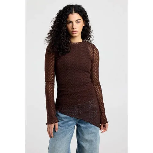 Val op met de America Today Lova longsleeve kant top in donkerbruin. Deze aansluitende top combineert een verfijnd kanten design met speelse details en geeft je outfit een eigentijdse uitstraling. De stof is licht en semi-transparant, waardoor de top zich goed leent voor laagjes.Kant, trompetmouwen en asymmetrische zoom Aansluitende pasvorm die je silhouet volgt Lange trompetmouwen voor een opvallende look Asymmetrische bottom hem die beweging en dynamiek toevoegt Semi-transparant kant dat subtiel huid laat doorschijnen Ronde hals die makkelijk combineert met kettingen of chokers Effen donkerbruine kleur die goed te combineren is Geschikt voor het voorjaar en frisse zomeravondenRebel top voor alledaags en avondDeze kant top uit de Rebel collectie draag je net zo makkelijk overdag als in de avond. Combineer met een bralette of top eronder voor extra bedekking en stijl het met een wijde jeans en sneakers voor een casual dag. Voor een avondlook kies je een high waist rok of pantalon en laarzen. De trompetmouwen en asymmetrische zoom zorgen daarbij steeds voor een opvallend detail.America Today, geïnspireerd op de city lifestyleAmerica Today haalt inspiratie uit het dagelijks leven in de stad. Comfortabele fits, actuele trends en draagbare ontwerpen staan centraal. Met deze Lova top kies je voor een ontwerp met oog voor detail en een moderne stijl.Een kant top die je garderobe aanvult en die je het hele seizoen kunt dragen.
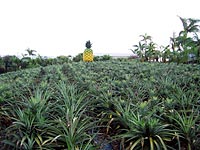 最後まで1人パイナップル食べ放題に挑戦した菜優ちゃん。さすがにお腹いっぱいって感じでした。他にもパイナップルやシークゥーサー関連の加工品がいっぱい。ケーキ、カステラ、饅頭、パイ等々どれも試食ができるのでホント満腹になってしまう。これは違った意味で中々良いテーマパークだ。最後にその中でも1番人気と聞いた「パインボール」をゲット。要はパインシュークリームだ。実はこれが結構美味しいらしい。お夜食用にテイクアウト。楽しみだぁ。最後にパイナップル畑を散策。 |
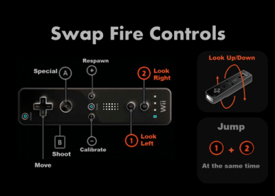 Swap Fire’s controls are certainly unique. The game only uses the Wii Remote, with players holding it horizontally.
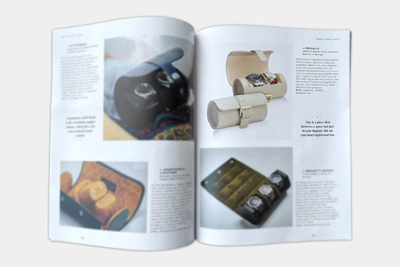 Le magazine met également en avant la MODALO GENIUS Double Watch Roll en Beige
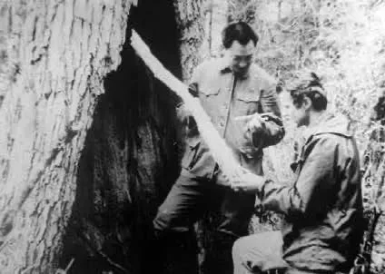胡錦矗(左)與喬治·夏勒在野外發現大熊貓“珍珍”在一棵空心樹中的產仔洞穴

### [Required action]
Repeat exactly the lines above, starting at the one that contains "Swap Fire’s controls" and stopping at the last line of the entries, and leave out the pictures.

### [Solution to this exercise]
 Swap Fire’s controls are certainly unique. The game only uses the Wii Remote, with players holding it horizontally.
 Le magazine met également en avant la MODALO GENIUS Double Watch Roll en Beige
胡錦矗(左)與喬治·夏勒在野外發現大熊貓“珍珍”在一棵空心樹中的產仔洞穴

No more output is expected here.